Human Activity May Wipe Out One-Third Of North American Birds

Climate change and other manmade problems are driving 37 percent of North American birds to extinction, report finds.
The Black-capped Petrel, pictured above, ranks among the most threatened bird species in North America, a new report from the North American Bird Conservation Initiative found.
The Black-capped Petrel, pictured above, ranks among the most threatened bird species in North America, a new report from the North American Bird Conservation Initiative found.
hstiver via Getty Images

More than one-third of North America's 1,154 native bird species are at high risk of extinction due to climate change and other manmade factors, a new report found.

Thirty-seven percent of the continent's bird species across 10 different habitat types need "urgent conservation action," the North American Bird Conservation Initiative said in its annual "State of the Birds" report released Sunday. Forty-nine percent were identified as having moderate risk, while just 14 percent were marked as low risk.

Researchers categorized bird species based on their population size, population trends, population distribution and threats to both breeding and non-breeding members of the species.

The decline of bird species is most pronounced in ocean and tropical forest habitats, where more than half were identified as having a high risk of extinction and are on the organization's "Watch List."

"The outlook for oceanic birds — including seabirds and a group of landbirds found only on islands off the Mexican coast — is the bleakest of any North American bird group," with 57 percent of species in the "high risk" category, the report found. "Small and declining seabird populations are severely threatened by invasive predators on nesting islands and accidental bycatch by commercial fishing vessels, as well as overfishing of forage fish stocks, pollution, and climate change."

North American Bird Conservation Initiative

Some of the most threatened oceanic species include the Black-capped Petrel, the Fea's Petrel and the Bermuda Petrel.

J.D. Bergeron, the executive director of International Bird Rescue, said these findings were consistent with his organization's observations.

"We see rising numbers of seagoing and coastal birds struggling throughout the year, likely in response to poor food supply and changes to their traditional living environments," he said.

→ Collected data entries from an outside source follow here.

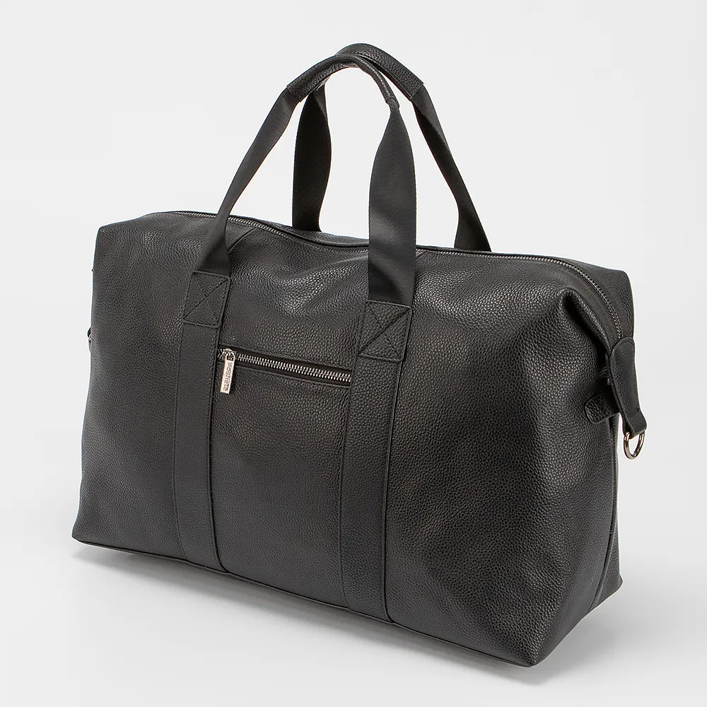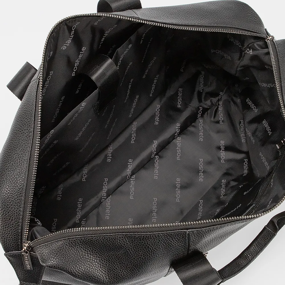 Классическая дорожная сумка для делового образа от бренда Poshete выполнена из натуральной кожи черного цвета. Модель прямоугольной формы, с плотной ручкой и широким съемным плечевым ремнем. Вместительное отделение на молнии, с текстильной подкладкой. Внутри: карман на молнии, накладной карман для ноутбука, закрывающийся хлястиком на липучку. На задней стороне - небольшой карман на молнии. Молнии с металлическими пуллерами. Дно оснащено ножками для защиты от износа.
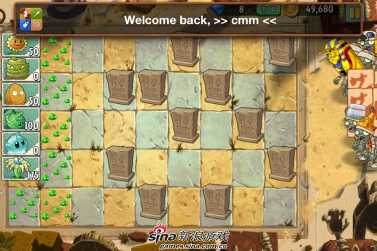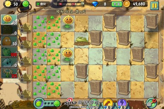 好了,不抱怨了,我们一起来打一下这关吧,这关可能让你兴奋,因为我们选择了一个前面几关用的比较少的植物——噬碑藤,那好吧,其实这个也没法让你更兴奋了,想一想,你仅凭这几个植物打通了很有难度的中国版,你会不会觉得自己比外国玩家牛?更有成就感(小编阿Q精神泛滥了!)
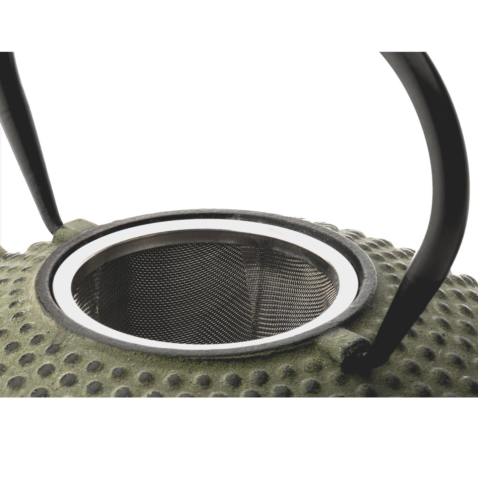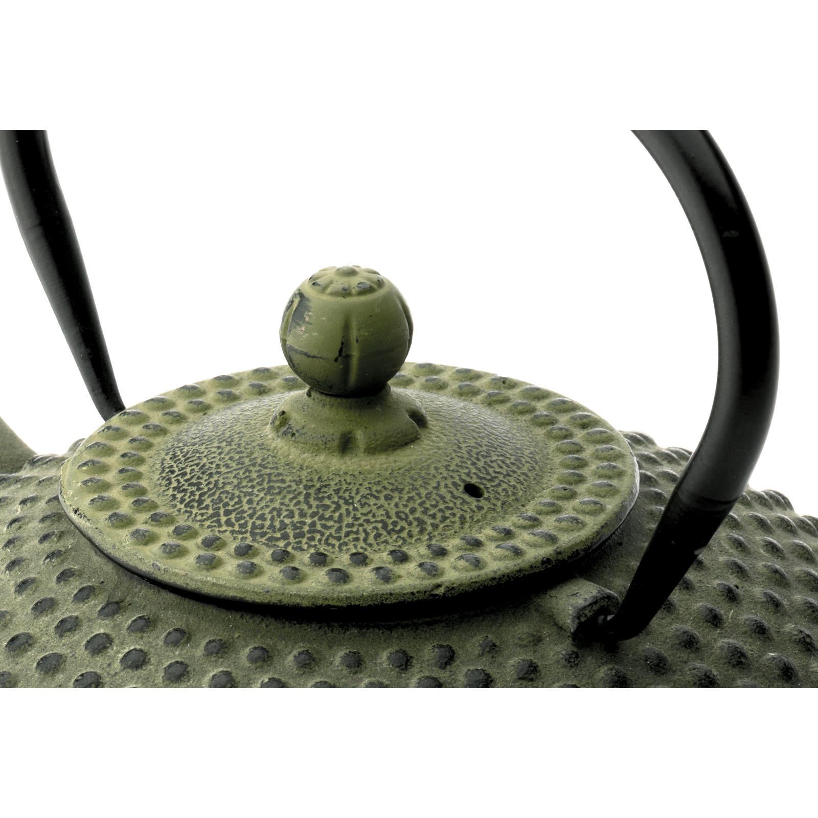 • Länge: 21.6 cm • Breite: 18.1 cm • Höhe: 14.9 cm • Inhalt: 0.8 Liter • Material: Gusseisen • Innen-Material: emailliert • Griff-Material: Gusseisen • Oberfläche: genoppt • Farbe: grün • Teekannenfarbe: grün • Deckelfarbe: grün • Griff-Farbe: schwarz • Finish: matt • Form: robust • Ausführung: flach • Produktdimension: klein • Teefilter-Sieb: inklusive (Edelstahl) • Beschaffenheit: nicht spülmaschinengeeignet • Besonderheit: für alle Teesorten geeignet • Eigenschaft: mit Noppenstruktur • Design: asiatisch • Stil: traditionell • Anlass: gedeckter Tisch, Kaffee- und Teetafel • Serie: Asia Xilin • Isolierung: Tee bleibt länger warm • Modell: G001GR • Gewicht ca.: 1,8 Kg
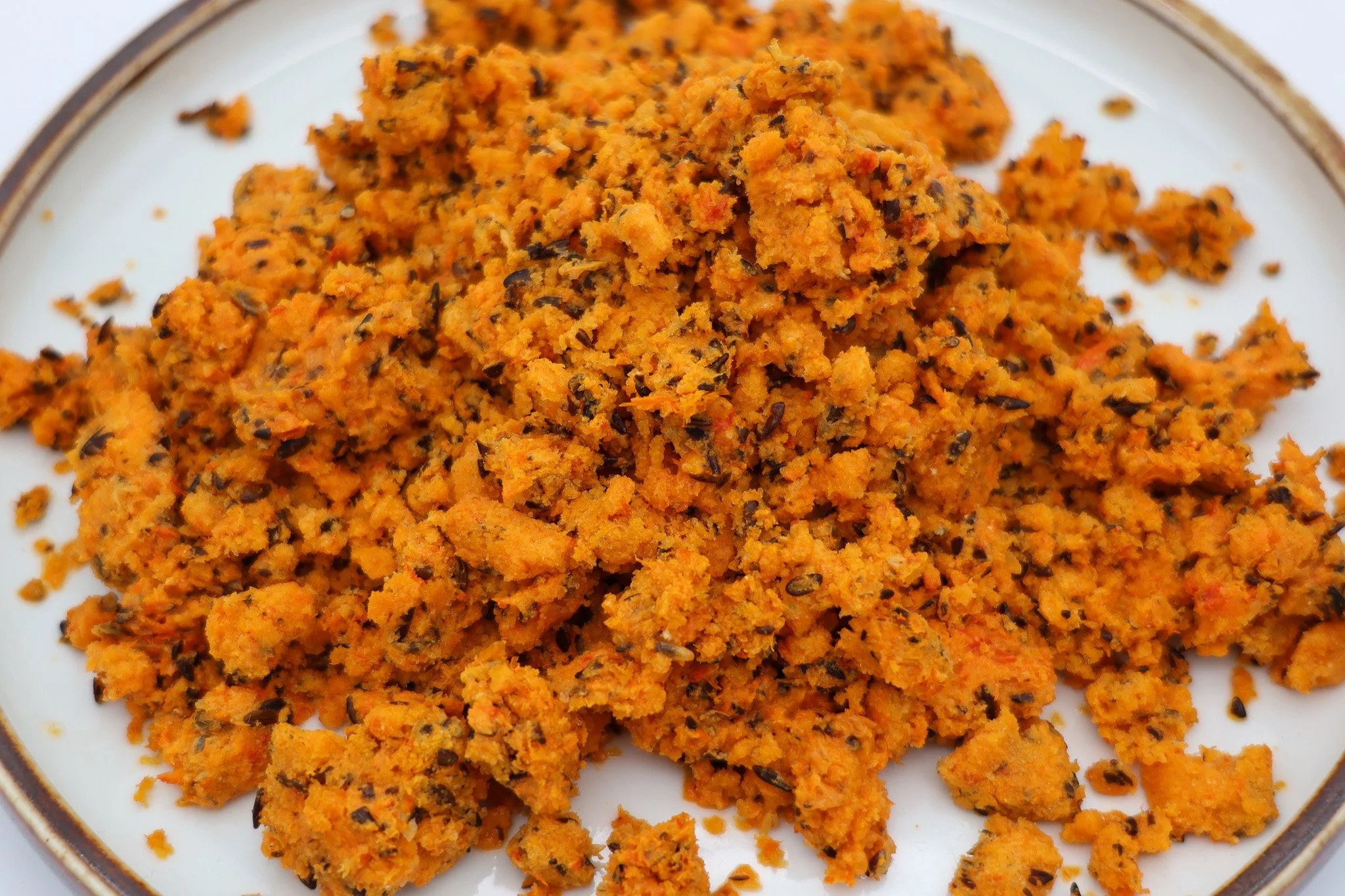 Fermented carrot juice presscake ‘mango’ (left) & hot sauce (right)

In tropical forest habitats, where 56 percent of species are in the high-risk category, deforestation and fragmentation -- a process of cutting down trees that leaves just small, isolated patches of forest behind -- have "reduced these continentally important habitats to precious small stands," the report says. The decline is most evident in Mexico's tropical forests, which have lost more than 70 percent of their bird habitats since the 1970s.

Coastal habitat populations, which rank as having the third most species at high risk of extinction, at 37 percent, are especially threatened by "sea-level rise, coastal development, disturbance from human recreational activities, and the threat of oil spills" all putting pressure on the mangroves, salt marshes and sandy beaches those birds rely on for breeding grounds.

John Marzluff, a professor of wildlife-habitat relationships and avian social ecology and demography at the University of Washington, said he wasn't surprised to see this report's findings and emphasized threats to bird species in grasslands, where 27 percent face a high chance of extinction, according to the report.

Those species "are especially threatened because of our past destruction of their habitats for agriculture," he wrote in an email to The Huffington Post. "These typically dry, 2-dimensional habitats are likely to be further degraded with climate change that may dry them further or favor tree growth as some of these areas receive greater rainfall in the future. Either is bad for species adapted to grasses and shrubs."

He hopes the next farm bill will ensure more protection for bird species in those habitats.

"Currently subsidies often promote ecologically damaging actions (increased area in monocultures of corn, for example)," Marzluff wrote. "By reducing the area planted, interspersing planted areas with grass or shrub leave areas, and setting aside conservation reserve lands planted with native grasses or shrubs, we could do a lot to further many vulnerable species."